けれど、その紙切れの持つ意味を、力を、下界の人間たちは誰もが理解していなかった。
天上界。
神国リシュリアン・リーム。
世界を創造せしマントル八神に守護されし『監視国』。
その皇族は、千年に一度下界を裁く為、ひとりの皇女を降臨させる。
「どうした・・・?」
「お父様・・・。」
「酷くうなされておった。」
「夢を・・・夢を見ました・・・。」
「夢?」
「黒い大地に・・・赤い川・・・ひとが・・・誰かが立っていて、何かを指さして・・・でも。」
「ライラ。何を泣いておる?」
「・・・え?」
「涙ぞ・・・頬に跡が。」
「気づきませんでした・・・。」
黒い月が、紫紺の空を音もなく焼いている。
世界の空が、かつては無数に輝いていた星々の光を失って一年。
月の神と太陽の女神に見捨てられた下界の時間は、流れはそのままに昼夜のバランスだけを失いつつあった。
毎日、昼と夜の長さが違う。
光と闇の区別がなくなる。
一日の概念が壊れる。
この現象に、多くの人間たちが精神を病み、命を断つ者が後を絶たないという。
「内陸も、もうダメかのぅ・・・。」
「お父様。」
ボロボロのテントの中、暖をとる為の僅かな煙が虚空を漂う。
ここは世界の中心に当たる内陸部キルムにある、かつてキャラバンと呼ばれた商隊の小さな集落内の長のテントだ。
彼らは三年前、北の国より大陸を巡りこの地へ辿り着き、テント村を築いて今に至っている。

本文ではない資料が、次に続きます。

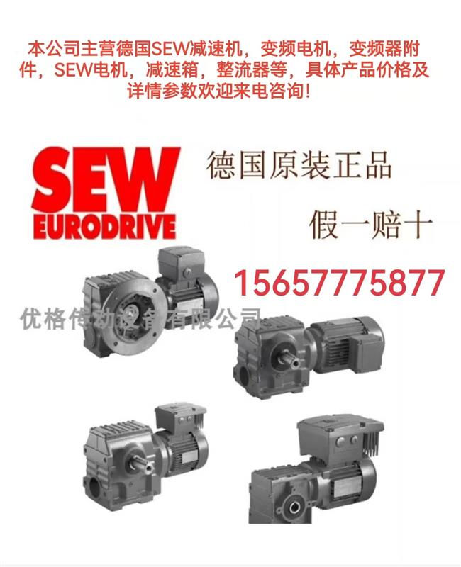温州优格传动机械设备有限公司专营德国SEW减速机(德国赛威减速机)全系列产品:SEW减速机、SEW减速机销售、德国SEW减速机代理、SEW电机、德国SEW电机、SEW减速电机、SEW变频器、SEW编码器、SEW制动器、SEW制动电阻、SEW操作面板、SEW电源滤波扼流圈、SEW电源滤波器、SEW通讯模块、SEW通讯模块、SEW编码器卡DER11B、SEW总线卡DFP21B、SEW编码器通讯线、SEW型号转换器UWS11A、SEW通讯电缆USB11A等产品。

「信じられるか、ライラ。この荒野が、数年前までは樹海であったなどと。」
「・・・。」
「この世界から、水がなくなるなどと・・・。」
「お父様・・・お疲れです。もう、おやすみくださいませ。」
「構わぬ。どうせ眠れぬのだ。」
「でも、もう何日も眠られておられません。お身体が。」
「構わぬ。こうしてお前と語らっていられるのも、あと僅かであろう。」
「何という事を申されます。」
「わしは、充分に生きた。もう、充分なのだ。ライラ。」
「お父様・・・。」
「ただ、お前たちの事だけが気がかりで仕方ない。これ以上、誰も喪いたくないと思うのに・・・。また・・・息子が死んでしまった。」
「アミューン兄さま・・・。」
「無理をしおって・・・父より先に逝くなどと・・・。親不孝な。」
三年前、ここに村を築いた時には千人近くの人間が暮らしていた。
今は、もう・・・その半分にも満たない。
多くは病と栄養失調で命を落とし。
更には不慮の事故で帰らぬ人となり。
そして最近、自ら命を絶つ者が増え始めた。
誰にも、どうする事も出来ない現実に絶望したのだろう。
アミューンもその中の一人だった。
前日までは懸命に生きる道を模索していたのに・・・。
ライラは、その事実だけを知らされている。
彼女は、このテントを出る事は滅多にない。
足が不自由なのだ。
「お父様・・・。」
「ん?」
「今、思い出したのですけれど・・・あの人影。」
「人影?」
「夢の。」
「うむ。」
「あれは・・・ディオネイル兄さまでは・・・。」
「なに?」
「暗くて顔は解らないのですけれど・・・あの横顔・・・。」
「ばかを言うな、ライラ。あやつは・・・あの愚か者は、王城で死んだと聞くぞ。」
「お父様。」
「第一、今さら、ただの夢ではないか。最後までわしを怒らせたまま・・・あのバカは・・・。」
「お父様。でも、わたくし達が無事に国を脱出できたのは兄さまのお陰ですわ。兄さまの使いが来なければ、わたくし達は神の報復に巻き込まれて、今頃どうなっていた事か。」
「ライラ・・・。」
「それに・・・。」
「それに?」
「今まで黙っておりましたが、わたくし、同じ夢を何度も見ているのです。」
黒い大地。
赤い川。
「デイノス(死の荒野)によく似た・・・あの岩場。」
指をさす人影。
暗いはずなのに、なぜかそのシルエットだけがはっきりと見えて。
「もしや・・・兄さまが呼んでいるのでは・・・。」
「あのバカが? 今さら、何の為に。」
「お父様・・・。」
「あり得ぬ・・・。」
「でも。もしも・・・もしも兄さまが生きておられるのならば・・・。」
「そこには、必ず神の姫がおられるのではありませんか?」
④に続く。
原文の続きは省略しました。